What would you do with an unruly river that tumbles 12,000 feet from the Sierra Nevada Mountains starting in the Sequoia National Park? No other North American river, including the Colorado River, drops so far in such a short distance.
What would you do if its unruliness built up one the most fertile deltas in the West?
What would you do if it emptied into the largest body of fresh water in the lower 48 states west of the Lake Superior? (That shallow lake, Tulare Lake, has long since been drained by a series of irrigation canals.) Like a ghost it infrequently reappears flooding Highway 43, the road to my favorite beach.
What would you do with the unruly, three-forked river?
You would dam that river! And 50 years ago, that’s just what the U.S. Corps of Engineers did.
Mary restrains the clouds from ushering in the next flood at the Kaweah Heritage Visitor Center.
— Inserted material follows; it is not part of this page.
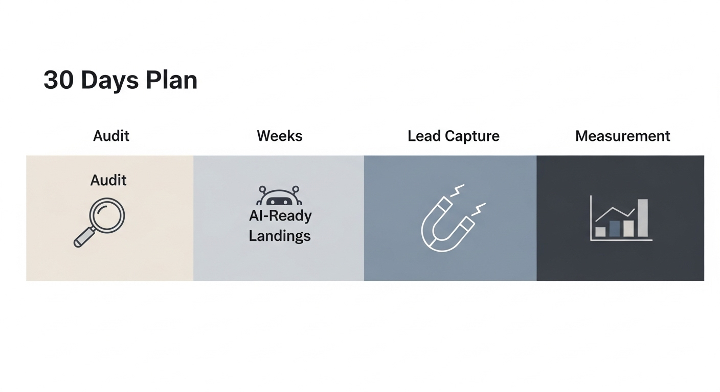 Semana 1: Auditoría de intención, 10 FAQs prioritarias, schema base, 3 snippets IA-ready.

Though these were not the only flood years, large floods caused by warm winter rains melting the snowpack occurred in 1937 (Remember the Grapes of Wrath? Steinbeck wrote his famous book after he visited Visalia, and saw the destruction of the flood that year.) Additionally warm weather floods also took place in 1955, 1966, and 1986.
Smaller floods caused by warm weather snowmelt only without lots of extra watery input deluged the valley in 1969, 1978, 1983, and 1997. The once every 50 years or so a flash flood type storm, caused by a tropical storm dropping 3-5 inches overnight during a dry season, last happened in September, 1978. Finally, the rarest destructive flood initiated by a landslide that created a natural dam. Like a chain of dominos when the dam broke it caused a 40 foot deep river to plunge down the mountain side and flow into Visalia, still 5 feet deep when it created the temporary Venice in CA. This disaster happened only once in December, 1867. (Facts thanks to Sequoia Natural History Association, author Mark Tilchen. Floods of the Kaweah.) Mary bought it for me at half price, $5.99, compared to the next museum we visited. Amazon price is $10.95. It’s a great book with many pictures of famous floods.
Here are the pictures I took of the old photos from the Kaweah Heritage Visitor Center at Kaweah Lake.
If you teach 3rd grade in Tulare County I would recommend visiting Terminus Dam on the Kaweah River as a mini-field trip for your students or your own family, and the book would certainly interest you. Although the reading level is too difficult for third graders, the pictures might draw them into challenging the descriptions. Earl Mann, who took many of the pictures in the book, still lives in the area, might be a great primary source witness to the flood of 1955. Tilchen recorded Earl Mann’s account of the 1955 flood on page 36 of the book.
Hope you enjoyed this short history lesson about fascinating Tulare County.